Personal information
- Born: April 14, 1967 (age 59) Sunnyside, Washington, U.S.
- Listed height: 6 ft 4 in (1.93 m)
- Listed weight: 215 lb (98 kg)

Career information
- High school: Selah (WA)
- College: Pacific Lutheran
- NFL draft: 1990: 5th round, 135th overall pick

Career history
- New York Giants (1990)*; Phoenix Cardinals (1990–1991); Dallas Cowboys (1991–1992); → San Antonio Riders (1992); → Montreal Machine (1992);
- * Offseason or practice squad member only

Awards and highlights
- All-Frontier Conference (1986); All-Mt. Rainier League (1989); All-CFBHA (1989); Second-Team Little All-Northwest (1989);
- Stats at Pro Football Reference

= Craig Kupp =

American football player (born 1967)

Craig Marion Kupp (born April 14, 1967) is an American former professional football quarterback in the National Football League (NFL) for the Phoenix Cardinals and Dallas Cowboys. He played college football at Pacific Lutheran University.

==Early life==
Kupp attended Selah High School, where he competed in football, basketball and tennis. He did not have a notable high school football career, so he was not highly recruited.

He accepted a football scholarship from Montana Technological University, where he received All-Frontier Conference honors as a quarterback and punter. He transferred to Pacific Lutheran University after his freshman season, to complete his studies closer to his home. As a sophomore in 1987, he was a backup behind Jeff Yarnell and was a part of the NAIA Division II national championship team.

As a junior in 1988, he became a starter at quarterback.
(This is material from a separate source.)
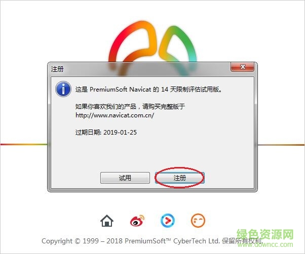 5.打开navicat premium 12,会有一个试用的提示,点击“注册”按钮(也可以进入主界面后,点击菜单栏的“帮助”,选择“注册”)

His team eventually lost 35–56 in an NAIA Division II playoff game, after the Oregon Institute of Technology accomplished the biggest comeback in school history, by scoring 49 points in the second half. Kupp led his team to a 35–7 advantage at halftime, tallying a career-high 272 passing yards, 16-of-21 completions, 2 passing touchdowns and one rushing touchdown, before fracturing his left ankle with just two minutes left in the first half.

As a senior in 1989, he made 185-of-286 pass completions (64.7%) for 2,398 yards (school record), 25 touchdowns (third in school history) and 3 interceptions, setting the record for passing yards in a season and an NAIA Division II record for interception rate with a 1.04% mark. Against Southern Oregon University, he set school records for passing yards (411) and touchdown throws (6) in a single-game, while leading his team to a 52–50 win. He received All-Columbia Football Association honors at the end of the season.
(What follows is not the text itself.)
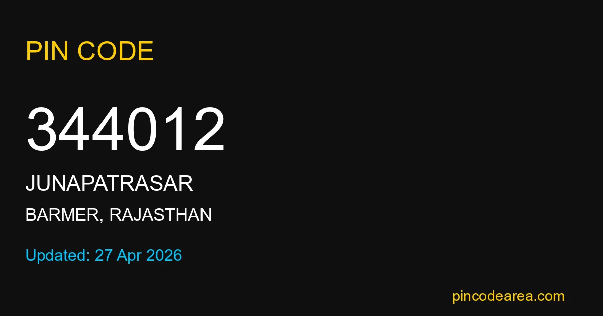 344012 PIN Code is assigned to Junapatrasar Post Office located in Barmer district of Rajasthan. It helps identify the exact delivery area for postal and courier services.

He finished his college career with 300-of-499 completions for 3,921 yards (fourth in school history), 41 touchdowns (fourth in school history) and 11 interceptions. In 2003, he was inducted into the Pacific Lutheran Athletic Hall of Fame.

==Professional career==
===New York Giants===
Kupp was selected by the New York Giants in the 5th round (135th overall) of the 1990 NFL draft. He was the ninth quarterback taken. He was released before the start of the season on September 3, after not being able to pass Matt Cavanaugh on the depth chart.

===Phoenix Cardinals===
In September 1990, Kupp signed with Phoenix Cardinals and spent the rest of the year on the practice squad. In 1991, a training camp knee injury to starting quarterback Timm Rosenbach, allowed Kupp to gain additional playing experience. In his only professional football game, Kupp completed 3-of-7 attempts for 23 yards in the fourth quarter of the Cardinals' 34–0 loss to the Washington Redskins in week 3. On November 6, 1991, he was released to make room for quarterback Chris Chandler.

===Dallas Cowboys===
On November 7, 1991, Kupp was claimed off waivers by the Dallas Cowboys. After starter Troy Aikman suffered a knee injury in the twelfth game against the Washington Redskins, Kupp ascended from third-string to backup quarterback behind Steve Beuerlein.

In 1992, Kupp was one of three Cowboys players to be allocated to the World League of American Football. He spent the first six weeks of the season with the San Antonio Riders, having scant action, before being acquired by the Montreal Machine, where he spent the remainder of the season as a backup. He made 11-of-27 completions for 138 yards, one touchdown and 4 interceptions. He was released by the Cowboys on August 31.

==Personal life==
Kupp's father, Jake, was a guard in the NFL for the New Orleans Saints and the Dallas Cowboys. His elder son, Cooper, is a wide receiver for the Seattle Seahawks while his younger son Ketner is a former linebacker for the Los Angeles Rams. Cooper won the Walter Payton Award in 2015 and owns nearly every major career FCS receiving record.